Clinical Trials

* On November 15, 2016, Akcea Therapeutics, a wholly-owned subsidiary of Ionis Pharmaceuticals, Inc. , today announced positive results from an interim analysis of a Phase 1/2a study of IONIS-ANGPTL3-LRx. In this study, subjects with elevated triglycerides achieved substantial and statistically significant mean reductions in angiopoietin-like 3 (ANGPTL3), triglycerides and LDL-cholesterol of up to 83 percent, 66 percent, and 35 percent, respectively. The study was presented at the American Heart Association Scientific Sessions by Sotirios Tsimikas, M.D., professor of medicine and director of vascular medicine at the University of California, San Diego, and vice president of clinical development at Ionis Pharmaceuticals.

Subjects who received multiple doses of 10 mg, 20 mg, 40 mg, or 60 mg of IONIS-ANGPTL3-LRx achieved dose-dependent, statistically significant mean reductions at Day 37 in ANGPTL3 of up to 83 percent (p ?0.001). These subjects also experienced statistically significant mean reductions in triglycerides of up to 66 percent (p ?0.001), in LDL-C of up to 35 percent (p ?0.001), and in total cholesterol of up to 36 percent (p ?0.001). In this study, IONIS-ANGPTL3-LRx displayed a favorable safety and tolerability profile. There were no discontinuations due to adverse events and no clinically meaningful platelet declines.

* On March 23, 2015, Isis Pharmaceuticals announced positive results from a Phase 1 study with ISIS-ANGPTL3Rx. In this study, healthy volunteers treated with ISIS-ANGPTL3Rx achieved dose-dependent, statistically significant reductions in angiopoietin-like 3 (ANGPTL3) of up to 93 percent with a mean reduction of up to 84 percent from baseline (p<0.001). In addition, statistically significant reductions from baseline in lipid parameters were observed, including up to 63% with a mean reduction of up to 49% (p<0.01) in triglycerides and up to 46% with a mean reduction of up to 28% (p<0.001) in total cholesterol. ANGPTL3 is a protein that acts as a key regulator of these blood lipids. These data were presented at the 83rd European Atherosclerosis Society in Glasgow, United Kingdom.

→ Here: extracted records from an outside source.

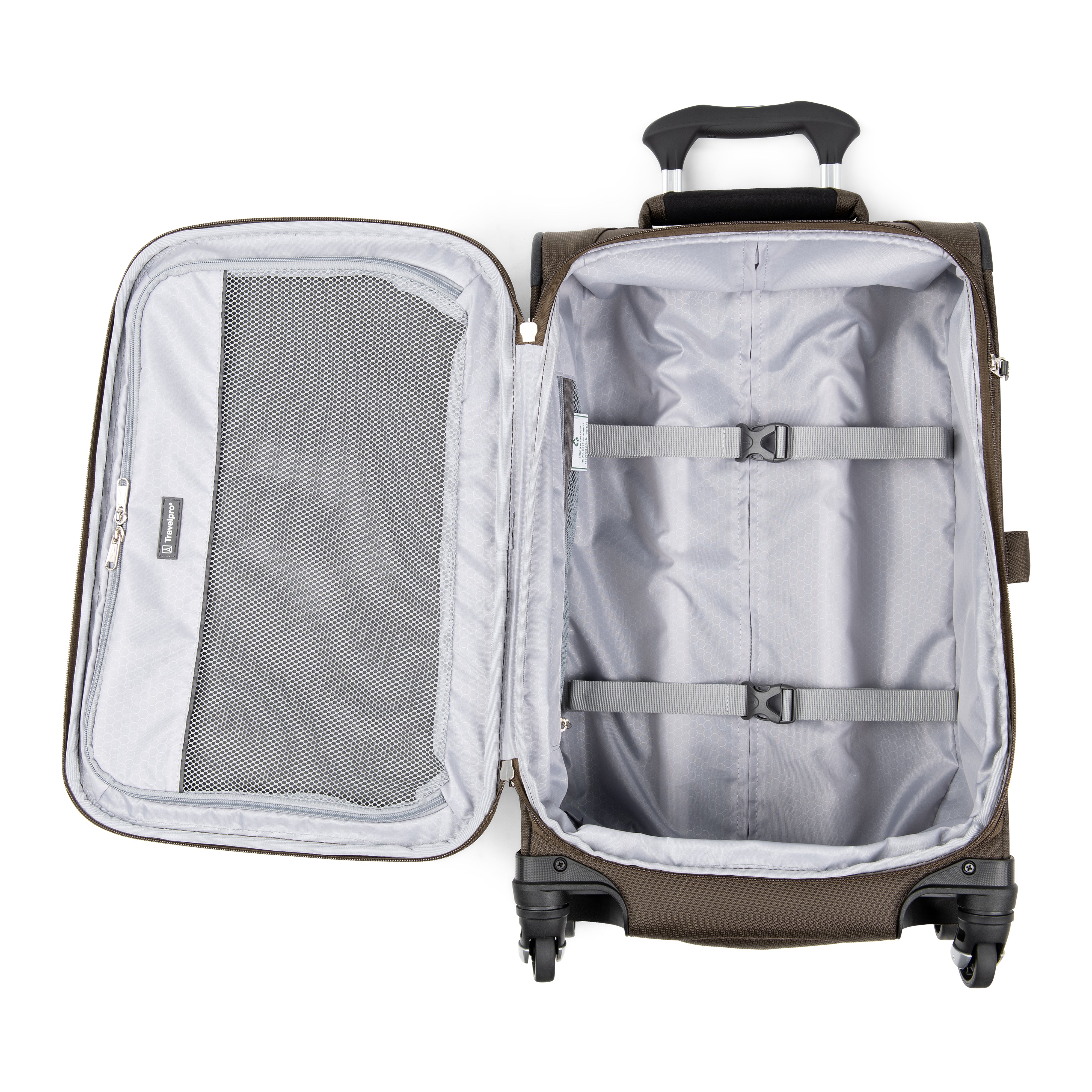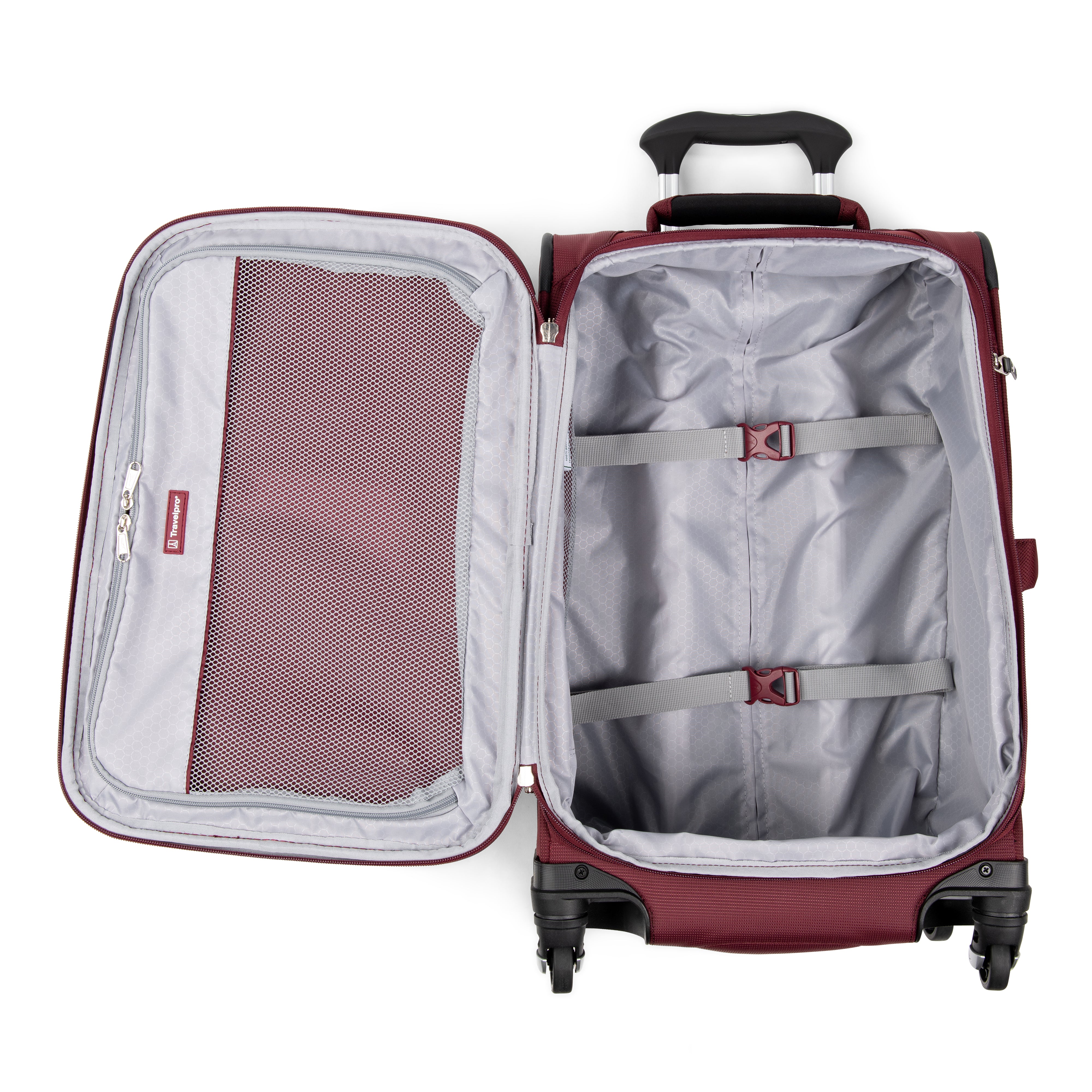 This carry-on soft-sided spinner is so light, it flies! One of our lightest wheeled carry-on suitcases, the Maxlite 5 21" Expandable Spinner is designed for ultimate comfort and mobility, featuring a 2-position adjustable PowerScope Lite handle with patented Contour Grip and 4-wheel 360 rotating spinners that glide effortlessly. Enjoy packing convenience with two quick-access, exterior front pockets, full-length interior lid pocket, side accessory pocket and adjustable hold-down straps, while the high-tensile-strength expandable zipper gives you maximum packing flexibility.
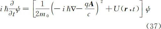 ,代入式(31),经过复杂的运算并考虑低速条件下的近似,可得到电磁场中的薛定谔方程(推导过程略)
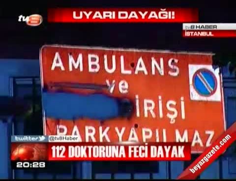 21 Mayıs 2012 Pazartesi günü yayınlandı Kartal’da Acil Yardım İstasyonu'nda görevli 112 doktoru, ambulans önüne park eden kişileri uyardığı için feci şekilde dövüldü.
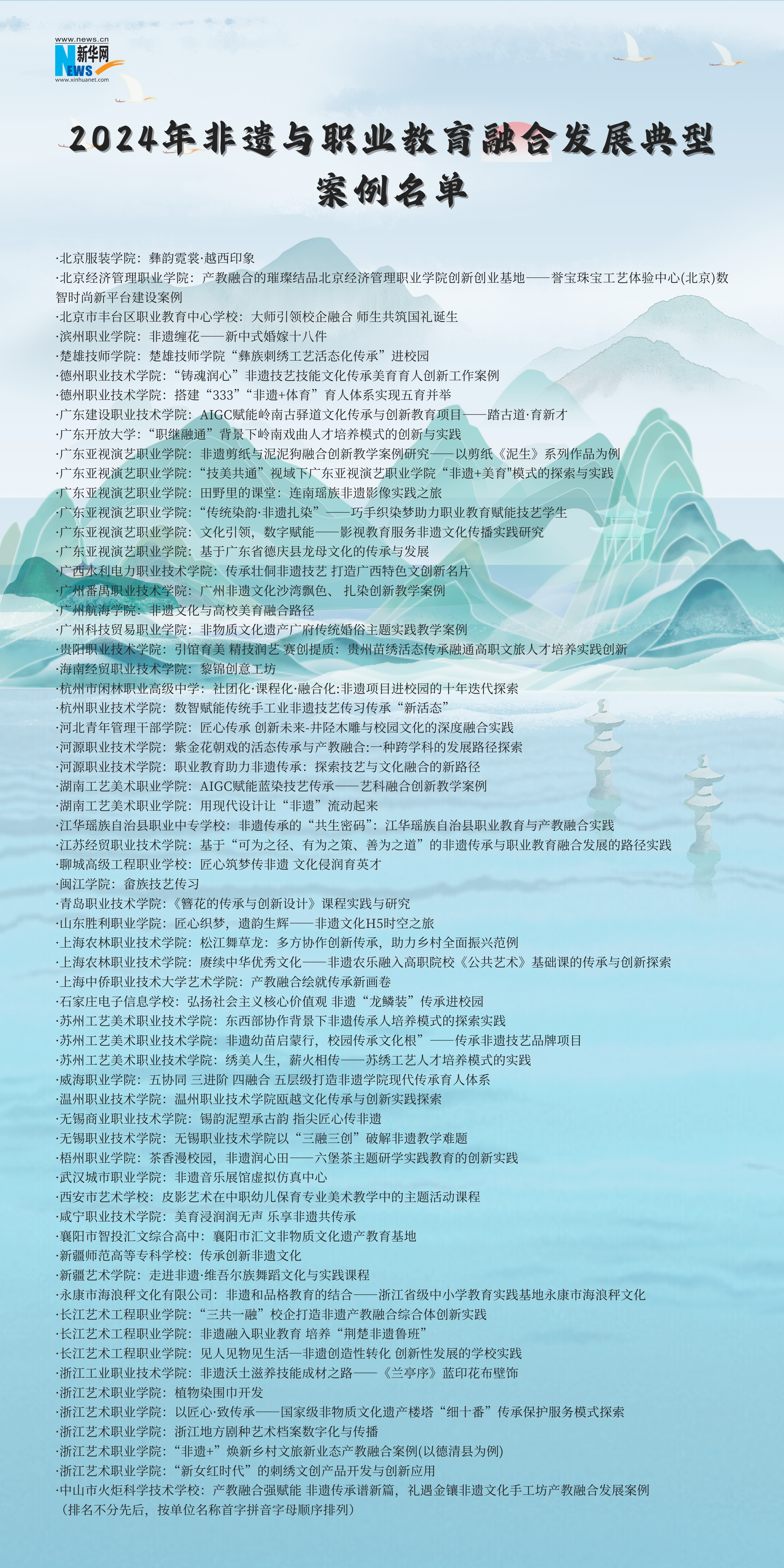 现将入选“2024非遗与职业教育融合发展典型案例”名单公布如下:
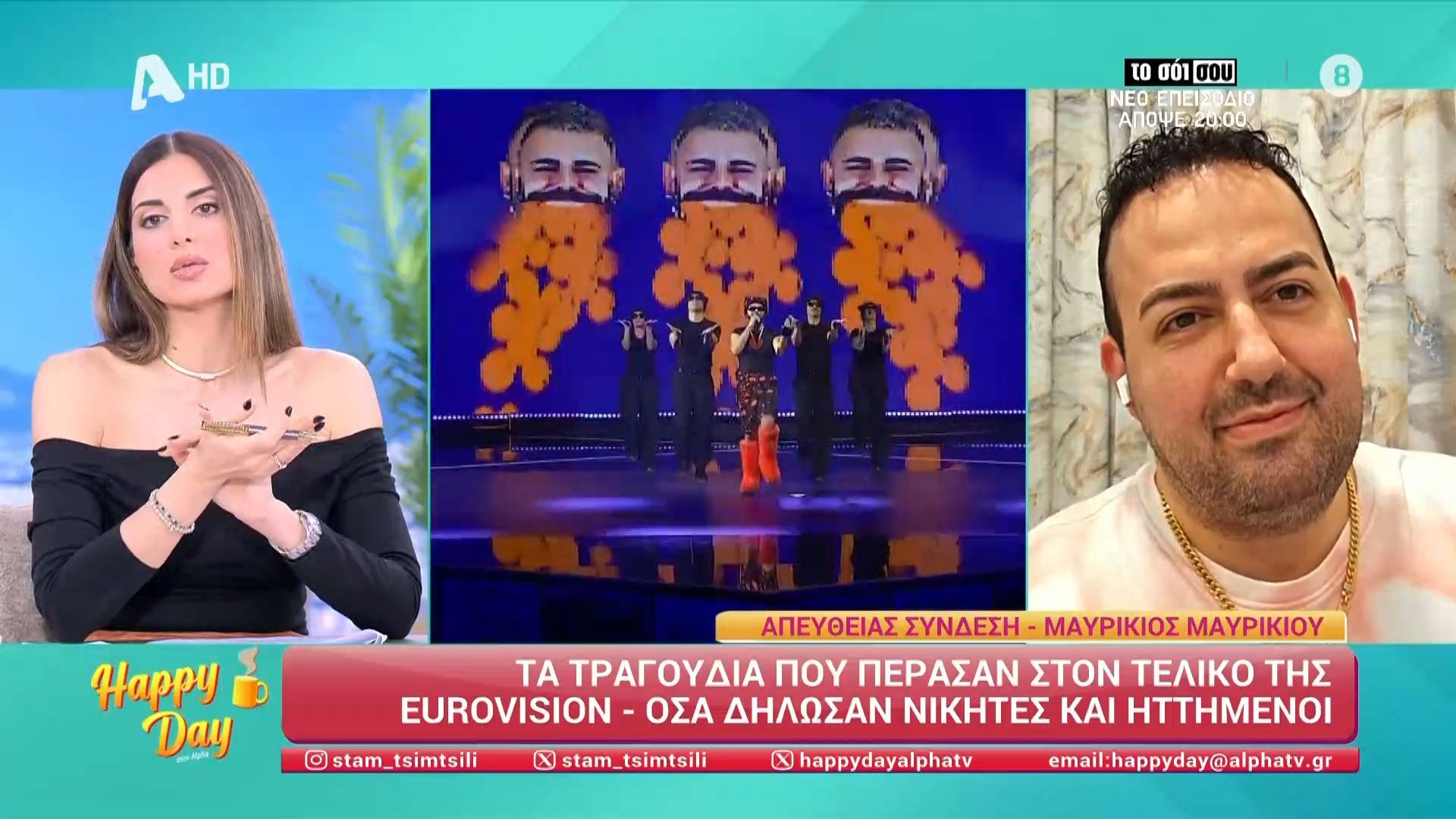 Ο Μαυρίκιος Μαυρικίου μιλάει στο Happy Day για τις συμμετοχές του Α' ημιτελικού του ελληνικού τελικού της Eurovision.
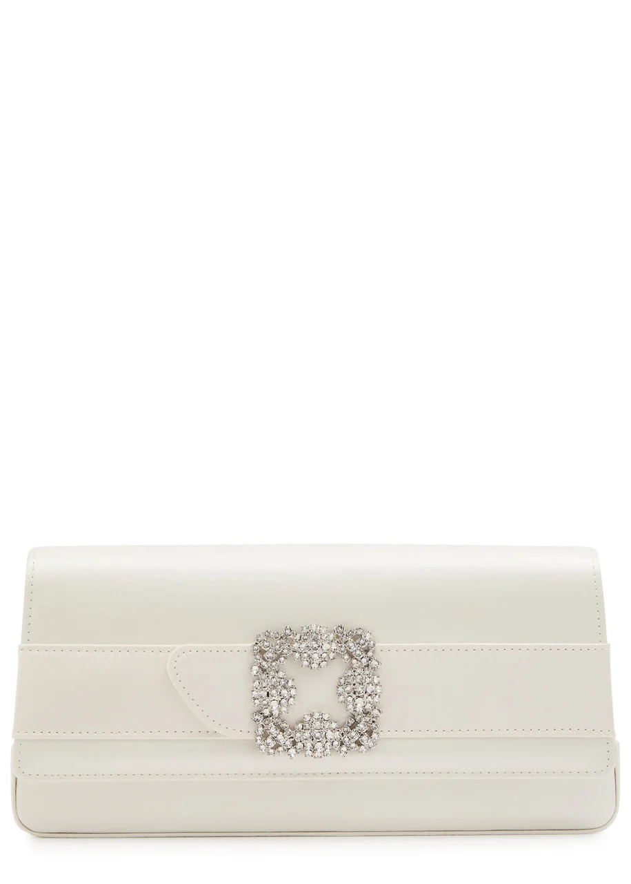 Info & Care Handmade Manolo Blahnik ;satin clutch; Detachable chain shoulder strap, crystal-embellished plaque, internal slip pocket, internal zip-fastening pocket, fully lined Concealed magnetic press-stud fastening at flap front; Size & Fit Width: 9.5 inches/ 24cm; Height: 4.5 inches/ 11.5cm; Depth: 1.25 inches/ 3cm; Shoulder strap drop: 6 inches/ 15cm;
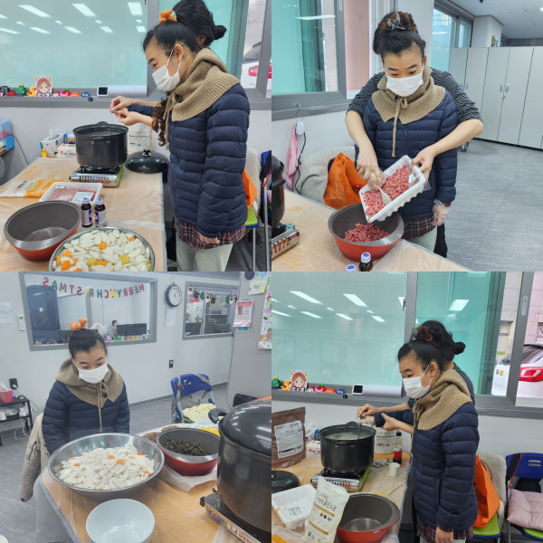점심시간에는 떡국과 다른 이용자들이 만든 떡갈비 꼬치산적 잡채 매운양념갈비 고추튀김 등등을 맛있게 먹었습니다
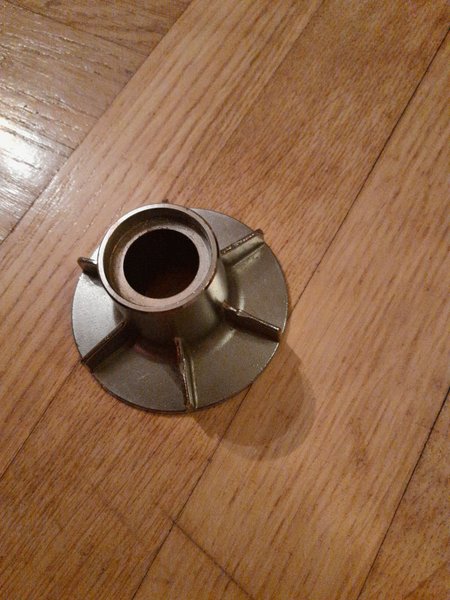Ett metallfäste med en rund bas och en cylindrisk upphöjning i mitten. Fästet har fyra förstärkningar som strålar ut från den cylindriska delen till basen. Volvo Penta-del tror jag.

The Phase 1 study of ISIS-ANGPTL3Rx was a blinded, placebo-controlled, dose-escalation study in healthy volunteers. The study was designed to assess the safety, tolerability and pharmacokinetics of ISIS-ANGPTL3Rx. ISIS-ANGPTL3Rx was evaluated in single and multiple doses ranging from 50 mg per week up to 400 mg per week for the single dose and 100 mg per week up to 400 mg per week for the multiple dose. In this study, ISIS-ANGPTL3Rx was generally well tolerated. ISIS-ANGPTL3Rx is part of Isis' lipid franchise and, as such, Akcea Therapeutics, Isis' wholly owned subsidiary, is responsible for developing ISIS-ANGPTL3Rx.

* On March 19, 2014, Isis Pharmaceuticals has announced that it has initiated a Phase 1 clinical study for ISIS-ANGPTL3Rx, an antisense drug targeting angiopoietin-like 3 protein (ANGPTL3), an independent risk factor for cardiovascular disease. By reducing ANGPTL3, ISIS-ANGPTL3Rx has the potential to reduce LDL-cholesterol and triglycerides, and to increase insulin sensitivity.  Isis plans to evaluate ISIS-ANGPTL3Rx in patients who have severe metabolic or cardiovascular disease and who would benefit from a drug that simultaneously addresses a variety of adverse lipid and metabolic parameters contributing to their disease.